Material provided:
--------
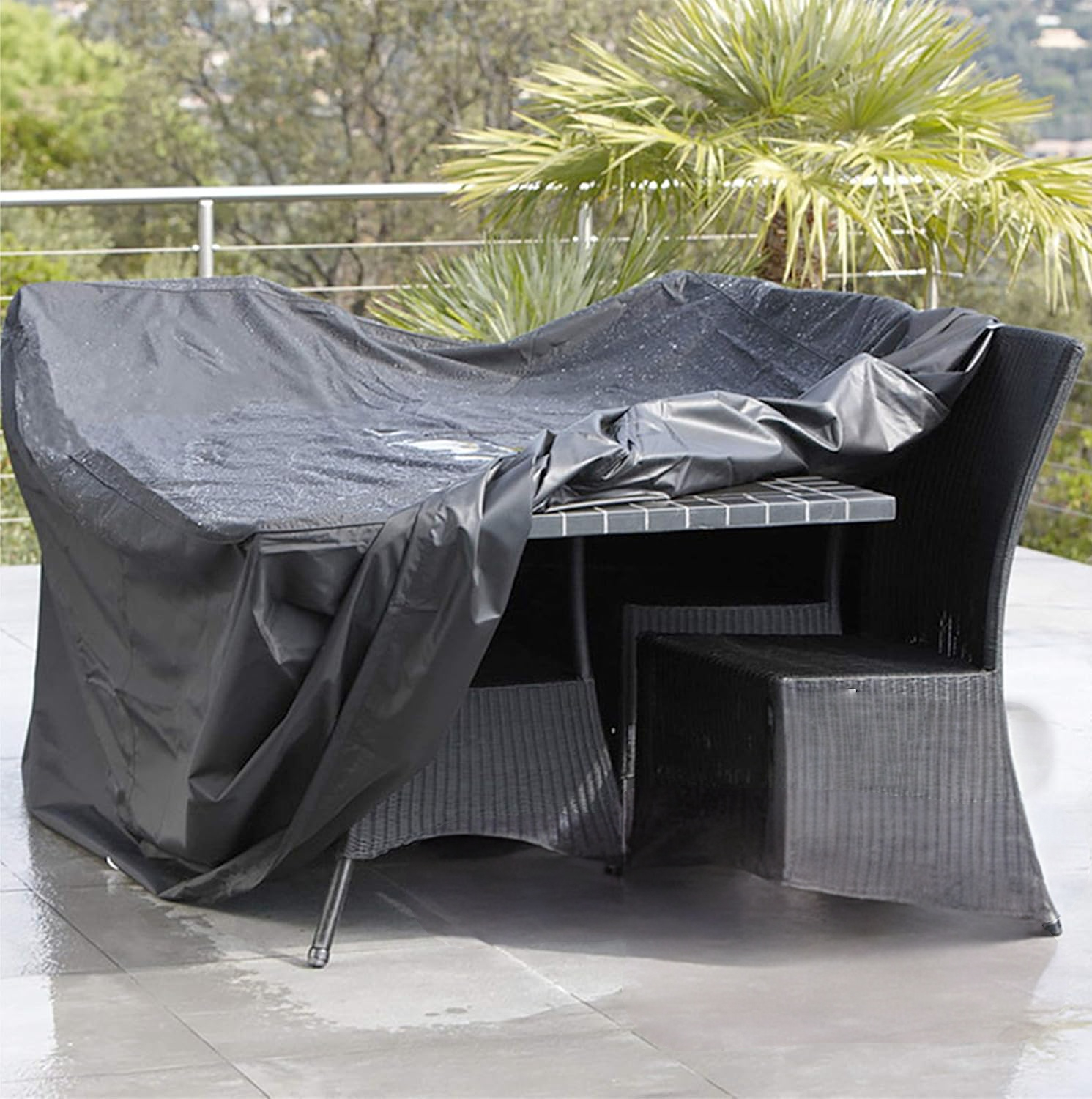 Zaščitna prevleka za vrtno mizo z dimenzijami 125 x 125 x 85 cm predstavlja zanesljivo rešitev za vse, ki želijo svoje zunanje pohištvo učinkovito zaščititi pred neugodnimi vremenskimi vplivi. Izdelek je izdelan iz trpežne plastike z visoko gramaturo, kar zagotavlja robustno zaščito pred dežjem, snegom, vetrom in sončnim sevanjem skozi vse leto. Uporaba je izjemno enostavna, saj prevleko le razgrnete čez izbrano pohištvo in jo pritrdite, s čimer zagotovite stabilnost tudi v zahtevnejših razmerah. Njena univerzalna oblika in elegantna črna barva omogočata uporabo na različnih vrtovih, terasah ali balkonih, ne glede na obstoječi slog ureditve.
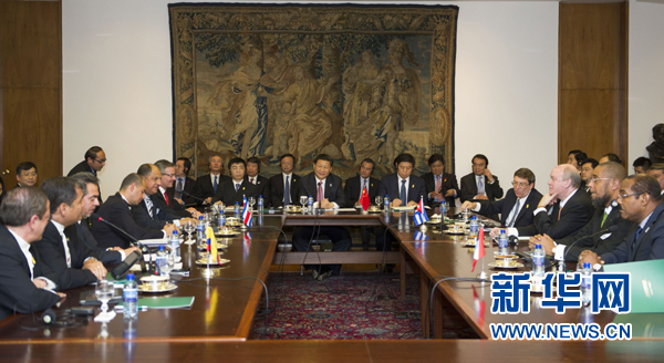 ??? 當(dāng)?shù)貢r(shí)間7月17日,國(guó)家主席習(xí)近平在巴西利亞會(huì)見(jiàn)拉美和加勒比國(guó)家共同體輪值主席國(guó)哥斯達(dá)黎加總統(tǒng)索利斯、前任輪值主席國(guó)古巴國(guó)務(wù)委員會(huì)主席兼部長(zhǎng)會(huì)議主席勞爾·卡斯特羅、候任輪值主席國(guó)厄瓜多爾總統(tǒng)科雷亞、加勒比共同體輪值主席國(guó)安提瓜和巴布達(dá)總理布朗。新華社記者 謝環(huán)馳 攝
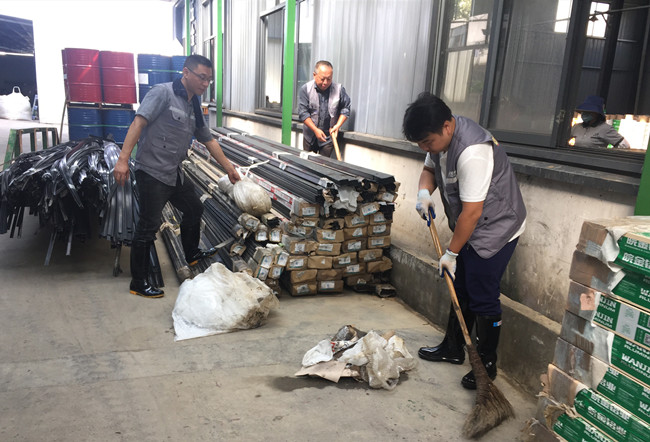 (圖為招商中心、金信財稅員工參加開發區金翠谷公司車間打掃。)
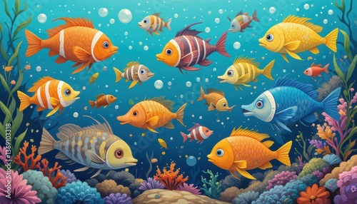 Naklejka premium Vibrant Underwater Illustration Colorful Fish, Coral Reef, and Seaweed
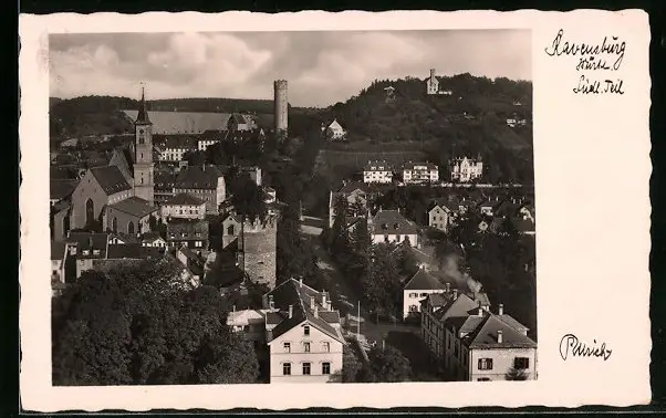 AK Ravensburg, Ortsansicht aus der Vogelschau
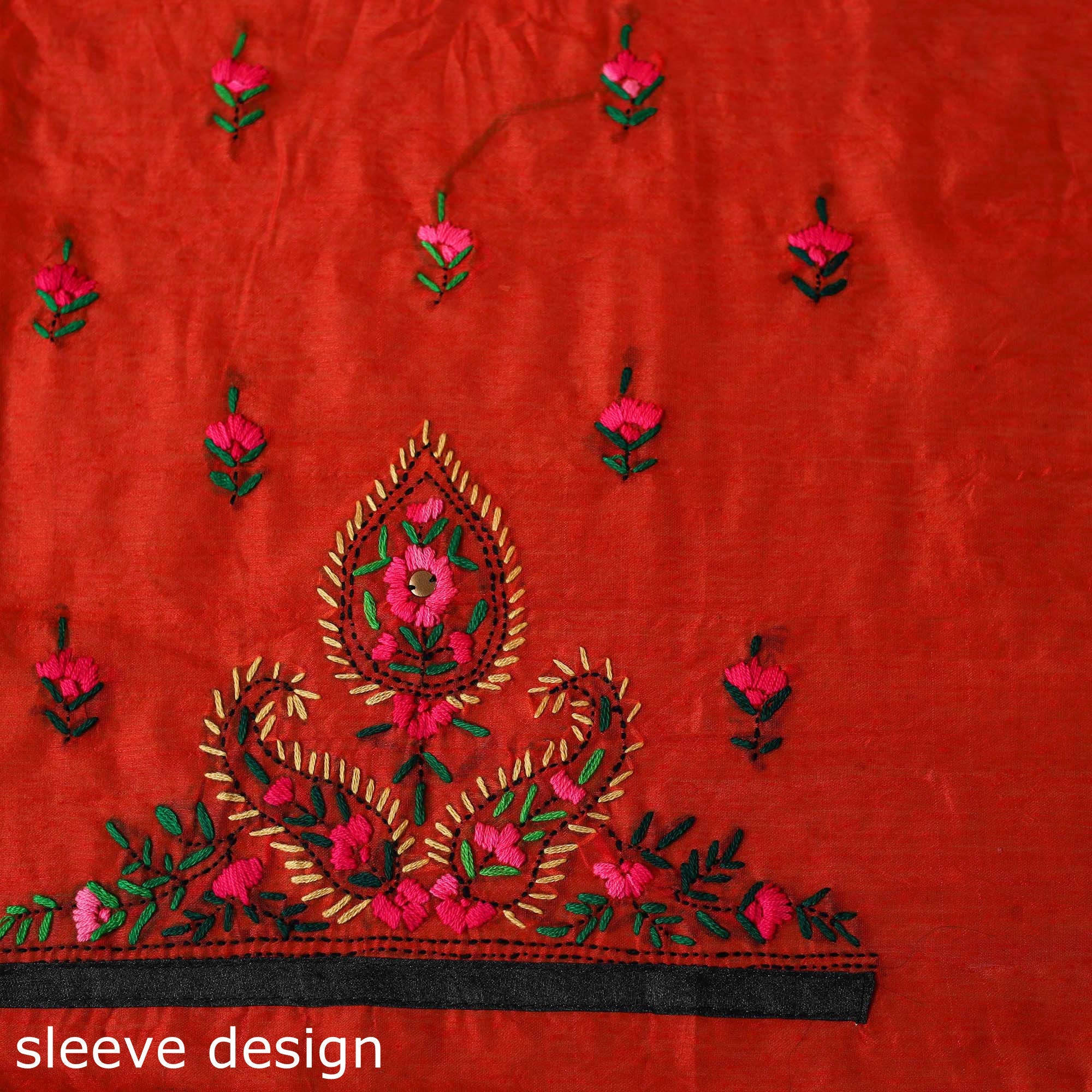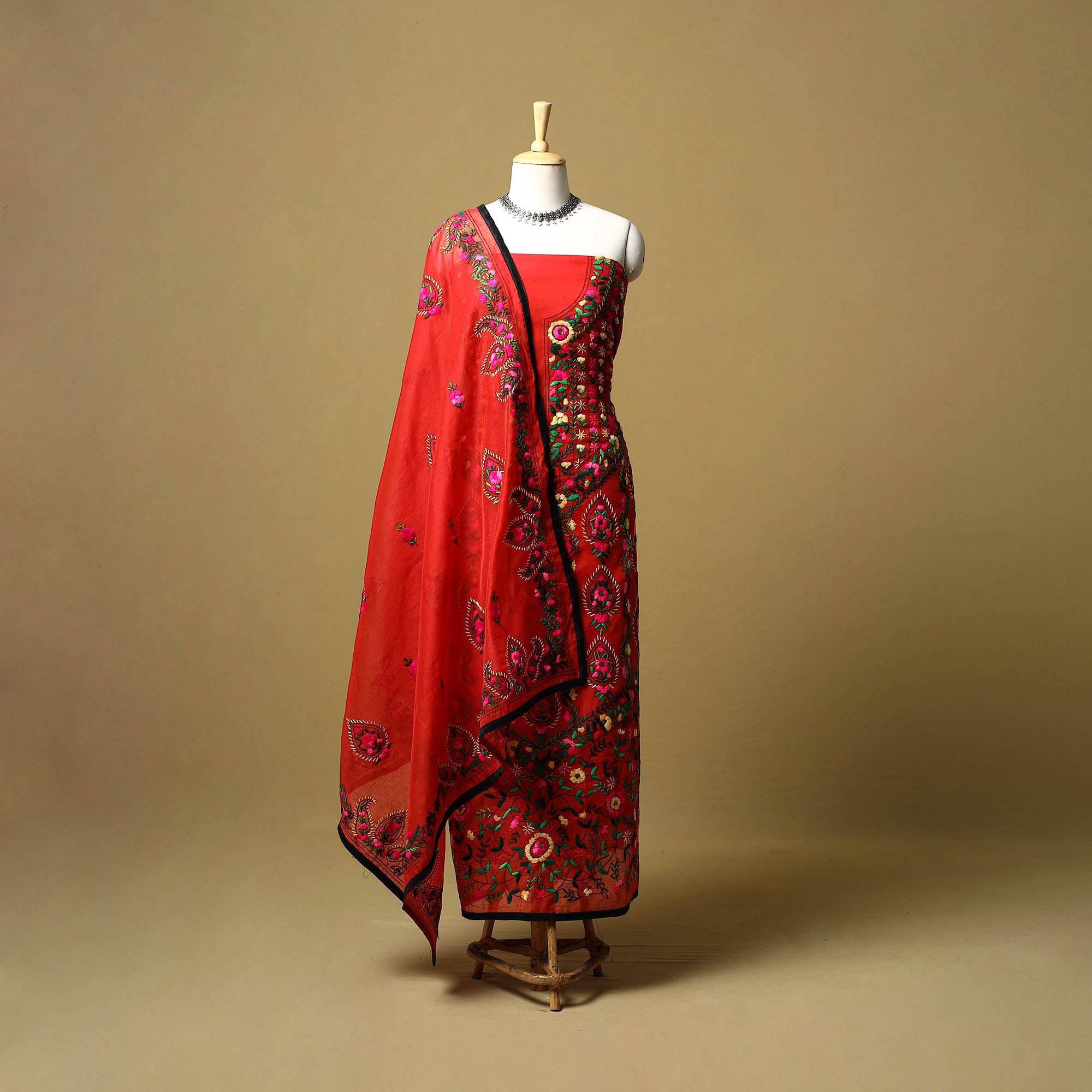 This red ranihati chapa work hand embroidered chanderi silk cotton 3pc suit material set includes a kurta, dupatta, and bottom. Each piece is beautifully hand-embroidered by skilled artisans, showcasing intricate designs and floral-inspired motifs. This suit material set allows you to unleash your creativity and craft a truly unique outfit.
--------
Exercise details: Retype all the entries word for word; the pictures stay out.

Exercise result:
 Zaščitna prevleka za vrtno mizo z dimenzijami 125 x 125 x 85 cm predstavlja zanesljivo rešitev za vse, ki želijo svoje zunanje pohištvo učinkovito zaščititi pred neugodnimi vremenskimi vplivi. Izdelek je izdelan iz trpežne plastike z visoko gramaturo, kar zagotavlja robustno zaščito pred dežjem, snegom, vetrom in sončnim sevanjem skozi vse leto. Uporaba je izjemno enostavna, saj prevleko le razgrnete čez izbrano pohištvo in jo pritrdite, s čimer zagotovite stabilnost tudi v zahtevnejših razmerah. Njena univerzalna oblika in elegantna črna barva omogočata uporabo na različnih vrtovih, terasah ali balkonih, ne glede na obstoječi slog ureditve.
 ??? 當(dāng)?shù)貢r(shí)間7月17日,國(guó)家主席習(xí)近平在巴西利亞會(huì)見(jiàn)拉美和加勒比國(guó)家共同體輪值主席國(guó)哥斯達(dá)黎加總統(tǒng)索利斯、前任輪值主席國(guó)古巴國(guó)務(wù)委員會(huì)主席兼部長(zhǎng)會(huì)議主席勞爾·卡斯特羅、候任輪值主席國(guó)厄瓜多爾總統(tǒng)科雷亞、加勒比共同體輪值主席國(guó)安提瓜和巴布達(dá)總理布朗。新華社記者 謝環(huán)馳 攝
 (圖為招商中心、金信財稅員工參加開發區金翠谷公司車間打掃。)
 Naklejka premium Vibrant Underwater Illustration Colorful Fish, Coral Reef, and Seaweed
 AK Ravensburg, Ortsansicht aus der Vogelschau
 This red ranihati chapa work hand embroidered chanderi silk cotton 3pc suit material set includes a kurta, dupatta, and bottom. Each piece is beautifully hand-embroidered by skilled artisans, showcasing intricate designs and floral-inspired motifs. This suit material set allows you to unleash your creativity and craft a truly unique outfit.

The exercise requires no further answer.